#### What to work on
Take the lines below from the first through the one that contains "Cartão Postal Bandeira" and copy them exactly.

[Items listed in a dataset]
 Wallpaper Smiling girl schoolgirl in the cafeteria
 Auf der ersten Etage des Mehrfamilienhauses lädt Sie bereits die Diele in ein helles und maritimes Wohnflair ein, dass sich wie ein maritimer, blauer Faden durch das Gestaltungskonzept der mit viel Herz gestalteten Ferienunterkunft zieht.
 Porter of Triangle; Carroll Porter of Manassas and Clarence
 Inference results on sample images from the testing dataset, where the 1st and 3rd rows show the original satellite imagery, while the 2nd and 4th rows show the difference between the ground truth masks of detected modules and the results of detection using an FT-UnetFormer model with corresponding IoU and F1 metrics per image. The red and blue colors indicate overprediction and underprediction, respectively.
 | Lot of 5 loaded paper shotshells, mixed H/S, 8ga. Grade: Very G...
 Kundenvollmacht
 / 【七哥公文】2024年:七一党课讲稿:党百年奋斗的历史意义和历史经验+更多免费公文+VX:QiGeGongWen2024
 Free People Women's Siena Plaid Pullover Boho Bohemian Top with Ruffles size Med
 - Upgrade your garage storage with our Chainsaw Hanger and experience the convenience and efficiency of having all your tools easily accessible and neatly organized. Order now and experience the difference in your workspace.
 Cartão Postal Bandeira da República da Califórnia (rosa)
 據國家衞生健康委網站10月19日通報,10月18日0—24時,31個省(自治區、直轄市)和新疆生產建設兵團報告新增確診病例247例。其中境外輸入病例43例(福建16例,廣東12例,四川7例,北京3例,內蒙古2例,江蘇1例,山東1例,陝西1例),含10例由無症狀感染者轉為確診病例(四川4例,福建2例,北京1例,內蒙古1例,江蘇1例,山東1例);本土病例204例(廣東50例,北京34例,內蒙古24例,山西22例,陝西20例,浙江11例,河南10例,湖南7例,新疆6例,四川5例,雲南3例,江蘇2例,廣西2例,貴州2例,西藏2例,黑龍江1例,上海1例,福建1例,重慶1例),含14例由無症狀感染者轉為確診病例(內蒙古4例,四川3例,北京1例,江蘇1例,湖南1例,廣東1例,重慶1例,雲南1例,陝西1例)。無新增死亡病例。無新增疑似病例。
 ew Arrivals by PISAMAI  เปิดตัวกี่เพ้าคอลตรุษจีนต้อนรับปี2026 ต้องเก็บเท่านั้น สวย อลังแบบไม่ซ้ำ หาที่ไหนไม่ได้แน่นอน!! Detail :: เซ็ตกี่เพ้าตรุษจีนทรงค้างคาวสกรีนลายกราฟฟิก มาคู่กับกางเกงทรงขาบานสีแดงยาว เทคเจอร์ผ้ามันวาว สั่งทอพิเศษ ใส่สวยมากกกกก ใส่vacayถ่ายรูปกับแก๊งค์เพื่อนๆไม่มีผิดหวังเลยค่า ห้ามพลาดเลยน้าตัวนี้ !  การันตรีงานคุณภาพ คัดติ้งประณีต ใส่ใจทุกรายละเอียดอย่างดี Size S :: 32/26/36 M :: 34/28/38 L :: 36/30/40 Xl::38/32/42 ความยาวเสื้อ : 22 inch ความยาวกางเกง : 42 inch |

#### Exercise answer
 Wallpaper Smiling girl schoolgirl in the cafeteria
 Auf der ersten Etage des Mehrfamilienhauses lädt Sie bereits die Diele in ein helles und maritimes Wohnflair ein, dass sich wie ein maritimer, blauer Faden durch das Gestaltungskonzept der mit viel Herz gestalteten Ferienunterkunft zieht.
 Porter of Triangle; Carroll Porter of Manassas and Clarence
 Inference results on sample images from the testing dataset, where the 1st and 3rd rows show the original satellite imagery, while the 2nd and 4th rows show the difference between the ground truth masks of detected modules and the results of detection using an FT-UnetFormer model with corresponding IoU and F1 metrics per image. The red and blue colors indicate overprediction and underprediction, respectively.
 | Lot of 5 loaded paper shotshells, mixed H/S, 8ga. Grade: Very G...
 Kundenvollmacht
 / 【七哥公文】2024年:七一党课讲稿:党百年奋斗的历史意义和历史经验+更多免费公文+VX:QiGeGongWen2024
 Free People Women's Siena Plaid Pullover Boho Bohemian Top with Ruffles size Med
 - Upgrade your garage storage with our Chainsaw Hanger and experience the convenience and efficiency of having all your tools easily accessible and neatly organized. Order now and experience the difference in your workspace.
 Cartão Postal Bandeira da República da Califórnia (rosa)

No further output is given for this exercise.